Entries taken from a collection:
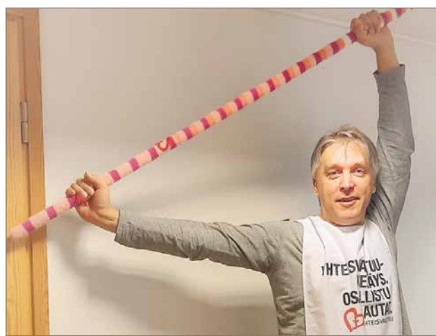
Keräyspäällikkö venyttelemässä tämän vuoden koitosta varten.

Yhteisvastuukeräys alkaa Pudasjärvellä niin kuin muuallakin Suomessa helmikuun 5. päivä. Kevään aikana on tulossa mm. Laskiaistiistain hernekeittopäivä, lipaskeräyspäivä ja Frisbeegolf -tapahtuma. Kesän jälkeen on suunnitteilla mm. Yhteisvastuun toritapahtuma. Kauppojen ja liikenneasemien kassoilla on Yhteisvastuukeräyksen lippaita, joihin voi lahjoittaa asiain yhteydessä. Lisäksi tarjolla on useampia sähköisiä lahjoitusmahdollisuuksia, joihin löytyy ohjeet mm. kotiseurakunnan nettisivuilta keräyksen alkaessa.
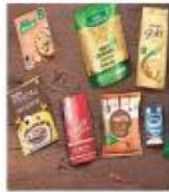
Consolidated revenue from operations during the quarter saw a 16 per cent increase

The company said its India packaged beverages business delivered 6 per cent revenue growth while the foods business grew 30 per cent, con-
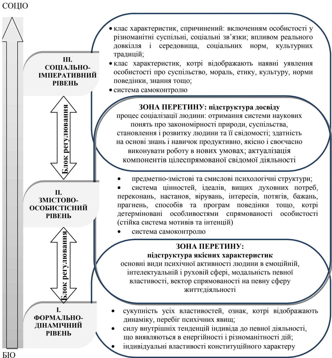
Рис. 1. Континуально-ієрархічна структура особистості
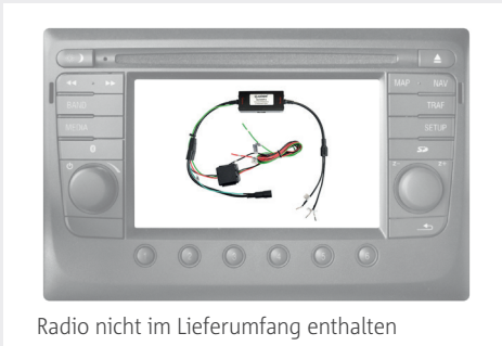
Radio nicht im Lieferumfang enthalten

Kameraanbindung an das DAF TNR LKW Navigationsradio
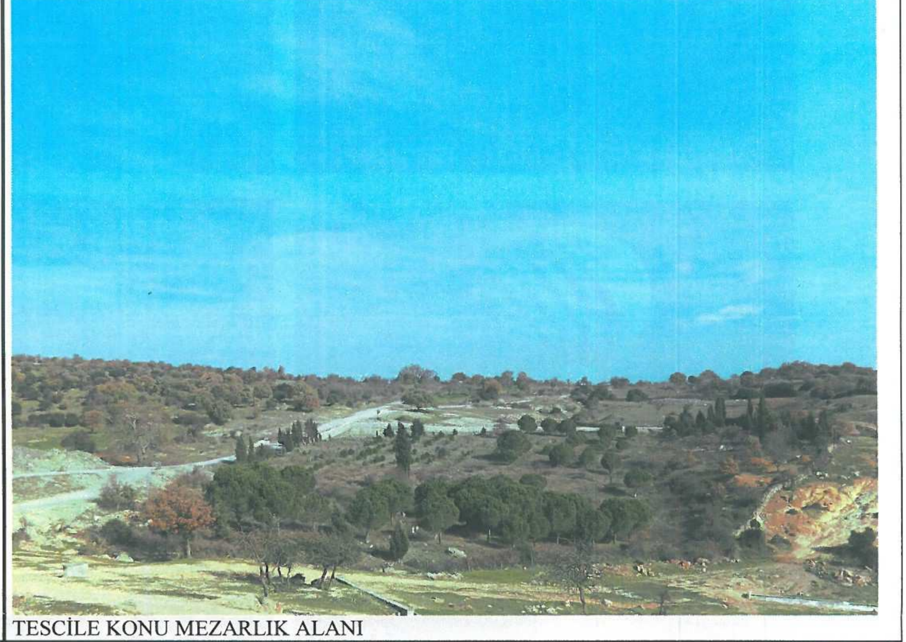
TESCİLE KONU MEZARLIK ALANI

GÖZLEMLER: Tescile konu parseldeki mezar taşları, mezarlık alanının etrafının güvenli bir koruma duvarı ile çevrili olmaması nedeniyle olumsuz dış etkilere açıktır. Mezarlık alanı eğimli bir arazi üzerinde yer alır. Mezar taşlarının geneli insitu şeklinde olmakla birlikte bir kısmı sökülüş vaziyettedir.
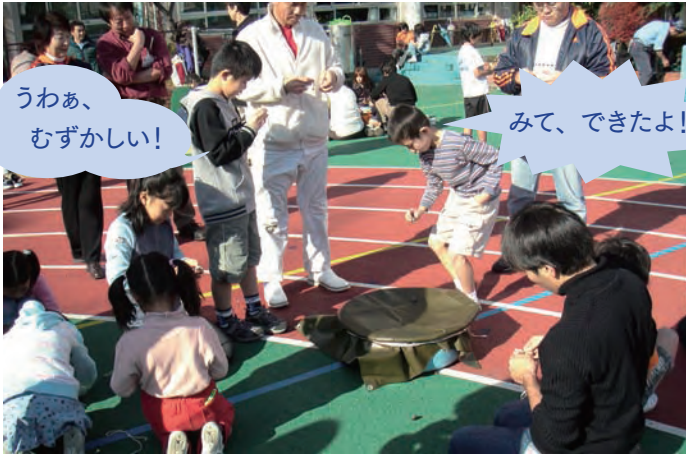
“哇，好难啊！”“哈哈，我也会做了！”
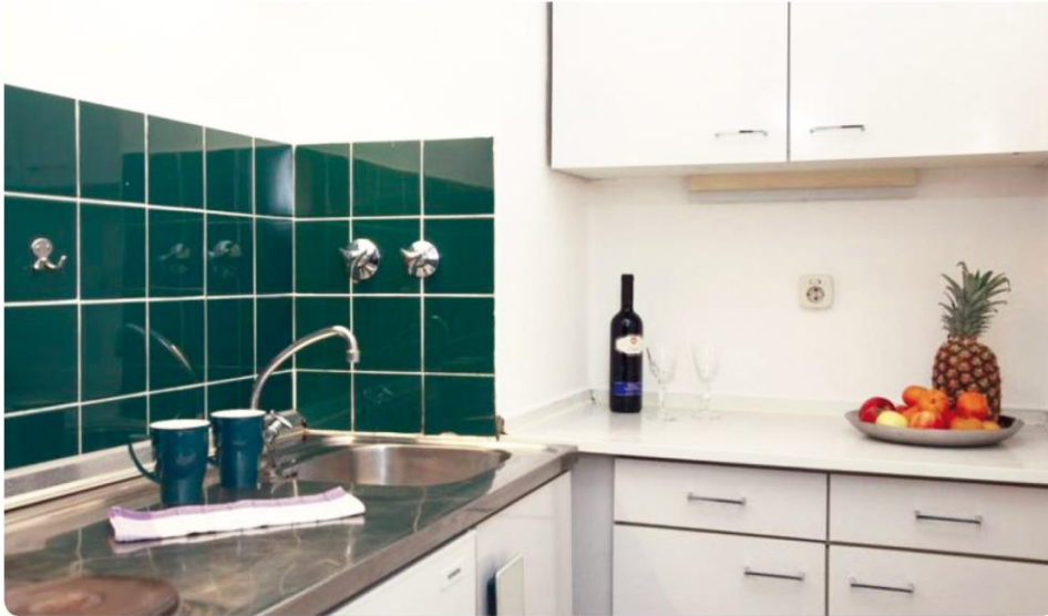
Zweckmäßig und komplett möbliert.

Ein-Zimmer-Apartments im Apartmenthaus Kulbeweg in Berlin-Spandau
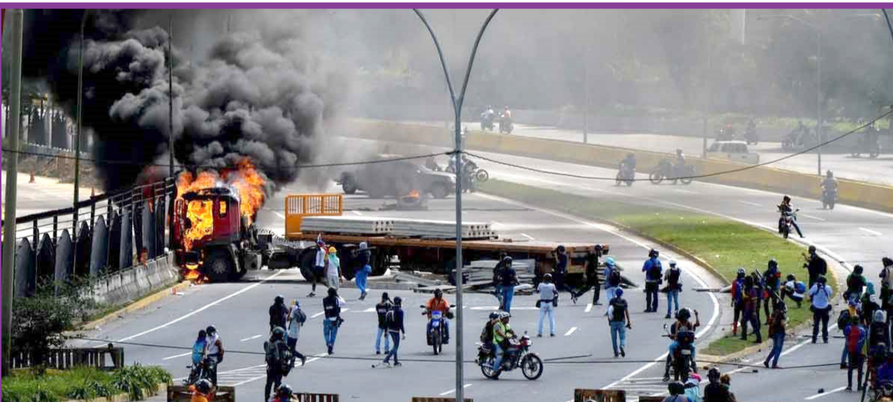
● اعتراض به بحران های اقتصادی در ونزوئلا
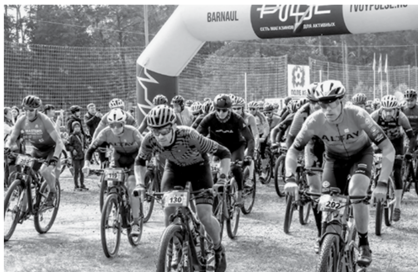
В такой толпе нужно уметь вести себя правильно.

спортсмена сопровождал папа, который после финиша обтер лицо сына платком и отпиривался на разминку перед ответственной гонкой.
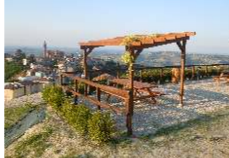
Area panoramica "Crava"
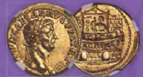
Claudius I. (AD 41-54). AV-Aureus NGC MS 4/5 - 4/5 Zuschlagpreis: $126.000
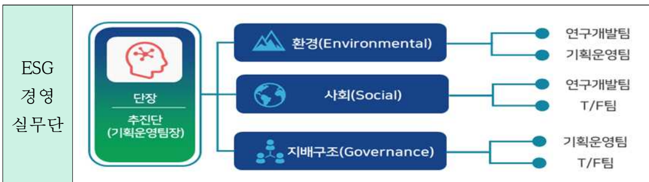
그림 III- ESG 경영실무단
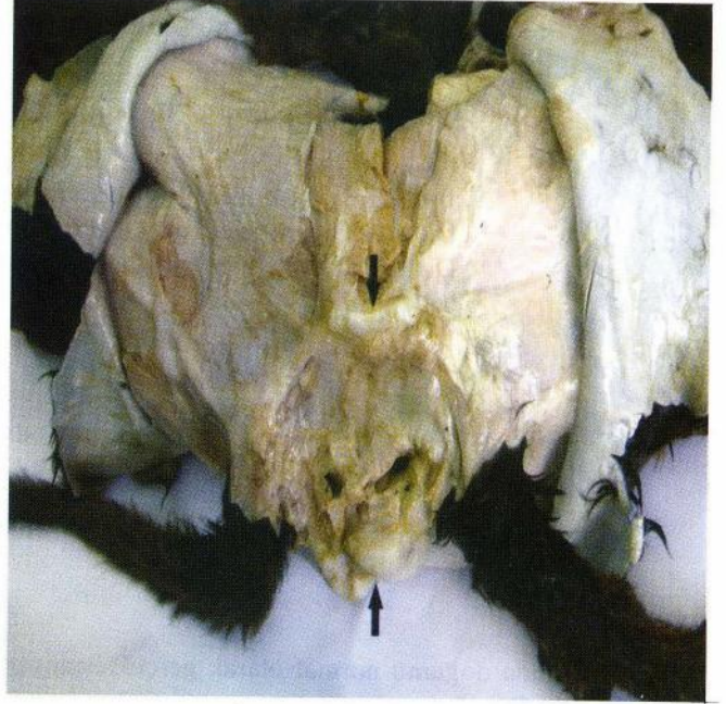
Şekil 2. Sysomien buzağının Tuber ischiadicum seviyesindeki kaynaşması (oklar).

Makroskopik yönden incelenen sysomien buzağının pelvis bölgesinde tuber ischiadicum sevi-
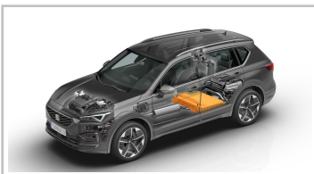
Seat Tarraco FR PHEV.
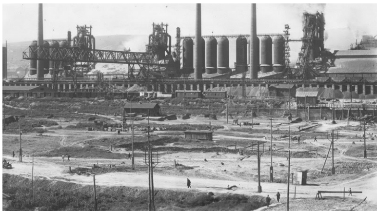
Кузнецкий меткомбинат им. И. В. Сталина в конце 30-х годов

1991 гг.) и два «водораздела» (1871–1929 г.г. и 1971–? гг.), мировое и глобальное управление этой эпохи – это прежде всего понять механизм организации войны 1914–1918 гг., цели и мотивы ее организаторов-поджигателей. Именно целостная картина эпохи, стартовавшей Франко-прусской войной (1870–1871 гг.) и экономической депрессией (1873–1896 гг.) и окончившаяся разрушением СССР (1991 г.), а не отдельные контрвыпады на упрёки в адрес СССР как стороны, якобы, несущей ответственность за Вторую мировую войну, представляется адекватным ответом психоисторическому противнику; не контратака, а контрнаступление по всей линии фронта.
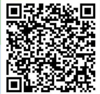
ระบบตรวจวัดสภาพอากาศอำเภอแม่จัน

ออกแบบและสร้างระบบการแจ้งเตือนการเปลี่ยนแปลงสภาพอากาศ และพัฒนาอุปกรณ์รับส่งข้อมูลระยะทางไกลผ่าน โดยใช้เทคโนโลยีอินเทอร์เน็ตสรรพสิ่งไร้สายแบบวงแคบพิเศษ
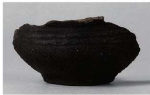
2 1-7 出土土器 (第 479 图 49)
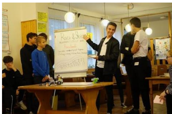
Žáci během projektového týdne

Namátkově z dalších akcí (ne) uspořádaných v letošním školním roce:
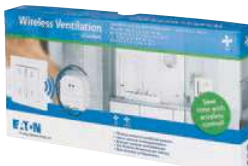
RF Ventilací sada CPAD-00/216
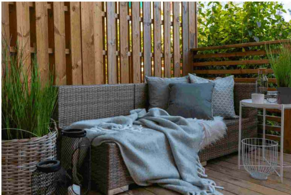
ARREDAMENTO DA GIARDINI ECCO CHI SONO I LEADER IN ITALIA

Nata a Brescia nel 2016, l'azienda Zenucchi è specializzata nella produzione di articoli per l'arredamento outdoor. L'obiettivo principale dell'azienda è quello di garantire ai clienti una massima qualità della propria vita tramite, a sua volta, una massima qualità dei prodotti presentati. Nello specifico, Zenucchi presenta un'intera sezione dedicata all'outdoor, tra complementi d'arredo, divani, vasi, poltrone, pouf, lettini, tavoli e così via.
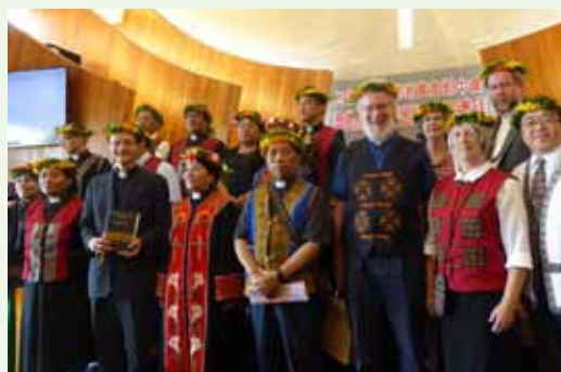
▲7/11 魯凱語聖經出版感恩禮拜-屏東好茶教會
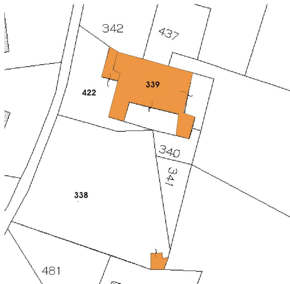
Stralcio di mappa catastale
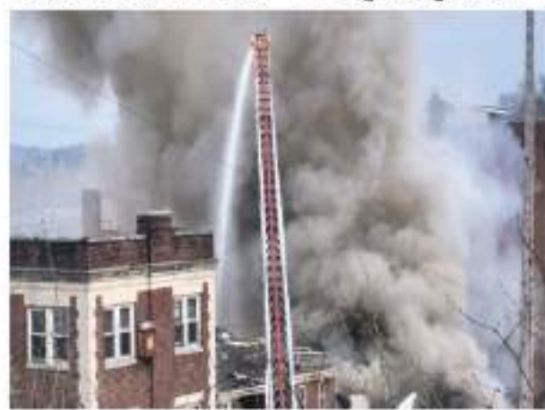
हिस्सा गिर गया और छड़े हिस्से को नुकसान पहुंचा। पुलिस के लोग लापता हैं। जिनकी तलाश की जा रही है। विस्फोट के कारण

वाशिंगटन। अमेरिका के पेनसिल्वेनिया प्रांत की एक चॉकलेट फैक्ट्री में हुए जोरदार विस्फोट में दो लोगों की मौत हो गयी। हदसे में घायल आठ लोगों को अस्पताल में भर्ती कराया गया है, जिनमें से दो की हालत गंभीर है। घटना के बाद नौ लोग लापता बताए जा रहे हैं। घटनास्थल पर राहत कार्य जारी है। पुलिस लापता लोगों को तलाशने के साथ मामले की जांच कर रही है। जानकारी के मुताबिक पेनसिल्वेनिया के वेस्ट रीडिंग क्षेत्र में आरएम फ्लोर कंपनी का चॉकलेट उत्पादन संयंत्र लगा है। पेनसिल्वेनिया पुलिस के वेस्ट रीडिंग क्षेत्र के प्रमुख ने बताया कि शाम 4.57 बजे अचानक तेज
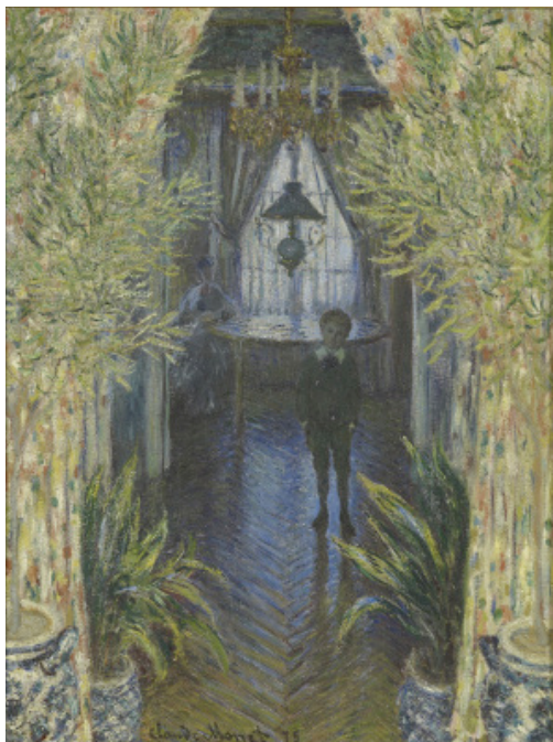
Un coin d'appartement Monet Claude (dit), Monet Claude-Oscar (1840-1926)

Le genre du paysage fut largement pratiqué par tous les impressionnistes. Monet, Renoir et Sisley s'attachent à peindre les bords de la Seine à l'Ouest de Paris, d'Argenteuil à Bougival, où les parisiens font du canotage. Pissarro et Cézanne, au Nord-Ouest, plantent leur chevalet autour de Pontoise et dépeignent une campagne rurale et ses paysans. Si leurs couleurs dominantes restent le vert et le bleu, comme elles l'étaient déjà pour les générations antérieures, elles se nuancent ainsi d'une multitude d'autres teintes. Les impressionnistes se mettent aussi au défi en choisissant des sujets complexes : les ciels changeants et les eaux mouvantes.

- _What this task involves_
In the entries above, some lines hold the string "ischiadicum". Copy each of them.

- _Result_
Şekil 2. Sysomien buzağının Tuber ischiadicum seviyesindeki kaynaşması (oklar).
Makroskopik yönden incelenen sysomien buzağının pelvis bölgesinde tuber ischiadicum sevi-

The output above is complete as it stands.